Hopes for a fresh policy boost have finally triggered a long-awaited potent rebound on the stock markets after lows for more than five years.
Domestic stock markets rebounded by more than 5 percent yesterday, after closing down for six consecutive sessions with new 68-month lows. But analysts differ as to whether the previous dives had hit the bottom.
Investors finally started to buy more actively yesterday on expectation of a fresh policy boost, thus igniting a rare rally of the benchmark Shanghai composite index.
The index surged by 5.3 percent during the day to close at 1,251.518 points. Combined transactions in Shanghai and Shenzhen also almost doubled yesterday to stand at 16.8 billion yuan (US$2 billion).
More than 30 stocks rose to their daily trade limit of 10 percent yesterday, a sharp contrast to the market performance on Monday and Tuesday, when more than 40 stocks fell by nearly 10 percent each day.
Before yesterday's rally, the Shanghai composite index had fallen below the psychologically crucial 1,200-point level two days in a row and finished at 1,188.931 on Tuesday, the lowest close since May 21, 1999.
"It is normal to see a technical rebound of the indices after they touch new lows," said Liu Zimin, an analyst with CITIC Securities. "But today's surge is the highest single-day rise in two years," she said.
The last comparable one-day surge was recorded in January 2003.
Shanghai's B shares also advanced by 5.11 percent to 76.115 yesterday. Shenzhen sub-composite index earned 5.05 percent to finish at 3,221.21.
Apart from the technical reason, there have also been market talks that the State Council might come up with new stimulus to support the bourses, which also heightened investment sentiment yesterday.
Liu said that auto stocks, many of which had undergone a sharp correction over the past few months, were a leading force in yesterday's market rally.
Some small and medium-capped stocks that had plunged heavily also bounced.
Bullish stage
However, it is still too early to say that overall investor confidence is repaired and the market is ready to enter a bullish stage, said Liu.
Most investors are still expecting concrete policy moves, not empty talk, she said.
Problems waiting to be solved include unsatisfactory market infrastructure, poor quality of many listed firms and the irrational share structure, which resulted from the existence of a bulk of nontradable State holdings.
The bourses have suffered from a lingering bearish performance for more than three years and investor confidence has been badly hurt, requiring fundamental reforms to upgrade the market image, experts said.

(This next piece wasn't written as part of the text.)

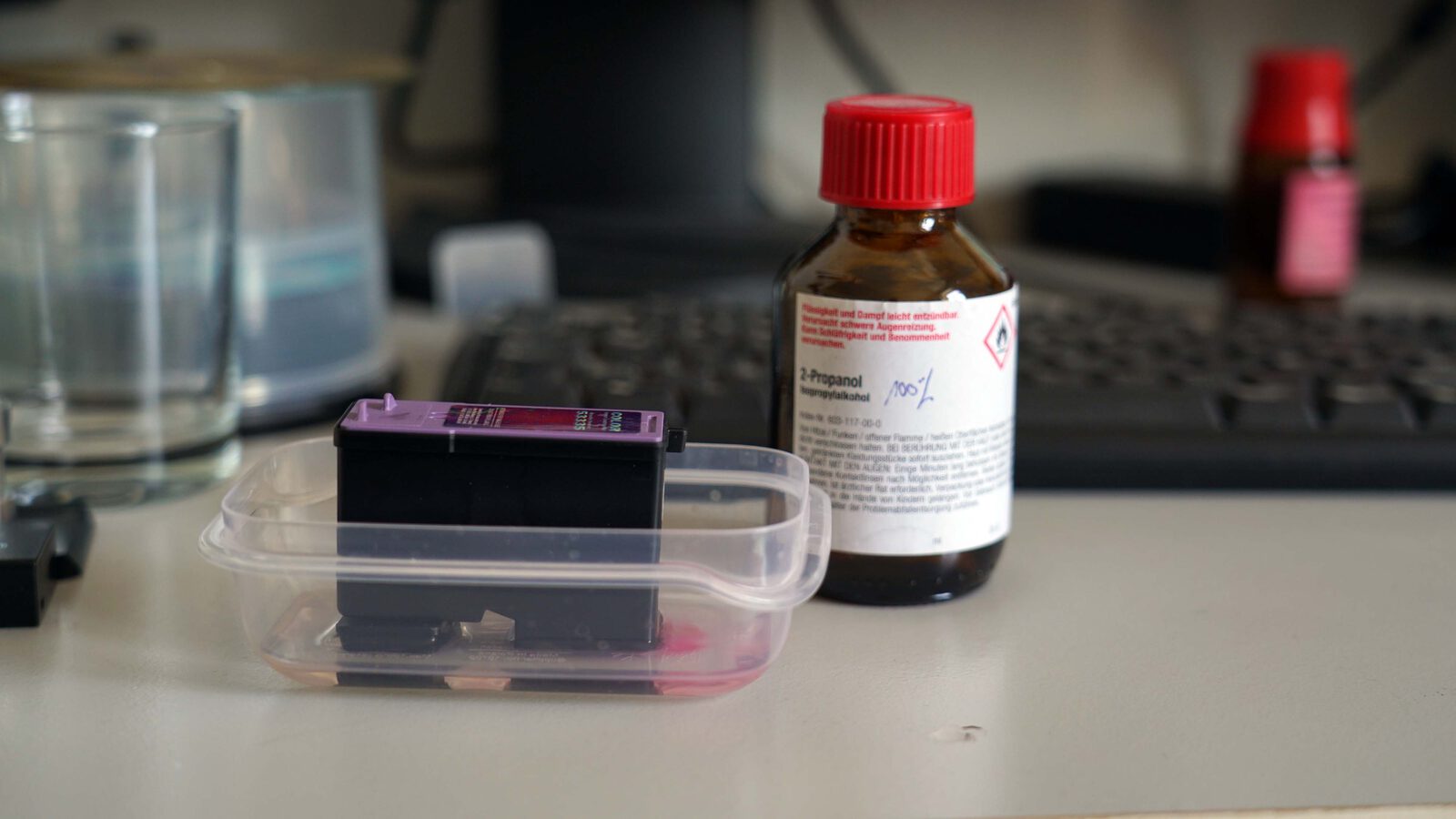 Bei stärkeren Verschmutzungen muss man den Druckkopf längere Zeit, am besten mehrere Stunden oder gar über Nacht in Alkohol einweichen. Dafür nimmt man ein kleines flaches Schälchen (z.B. Plastikbox), welches möglichst kaum größer ist als der Druckkopf, füllt dieses dann so hoch mit Alkohol, dass die Düsen in der Flüssigkeit sind, also 3-4 Millimeter hoch. Nach dem Einweichen die Düsen vorsichtig abtupfen. Keinesfalls sollten die Kontakte noch mit Flüssigkeit benetzt sein. Erst in trockenem Zustand die Patrone wieder einsetzen. Auch dies darf nur in der dafür vom Drucker vorgesehenen Position erfolgen. Wenn man möchte, kann man jetzt noch den Software-Reinigungsvorgang des Druckers durchlaufen lassen, aber falls die Patrone auch ohne diesen wieder gut druckt, dann kann man sich das (und damit teure Tinte) auch sehr gut sparen.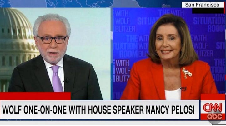 • Wolf Blitzer launched into a heated argument with Speaker of the House Nancy Pelosi last October, demanding to know why she wouldn't accept a White House Covid relief proposal, even though Senate Republicans didn't support it, which meant the White House proposal was never going to be voted on. Not once this year did I see Blitzer angrily confront a member of the GOP regarding Covid relief, which the party opposed for ten months.

Stock picks have become more crucial to investors to make money under such circumstances.
Wang Hua, a fund manager with Yinhua Fund Management Co in Shenzhen, said institutional investors more favoured a number of blue-chip stocks, including large-caps in infrastructure sectors, such as some power, coal and steel stocks.
The investment value of the blue-chips that have solid results and stable growth is shining, as stock prices have generally fallen to a more rational level, said Wang.
The market has become more polarized, he said. The majority of A shares and B shares still have a long way to go to improve their fundamentals and corporate governance. And there may be more room for correction as some are still overpriced.
Meanwhile, many investors are still sitting on the sidelines as Spring Festival is coming and many companies are to release their annual results after the holiday. China's stock market will be closed during February 7 and 15 for the Spring Festival holiday.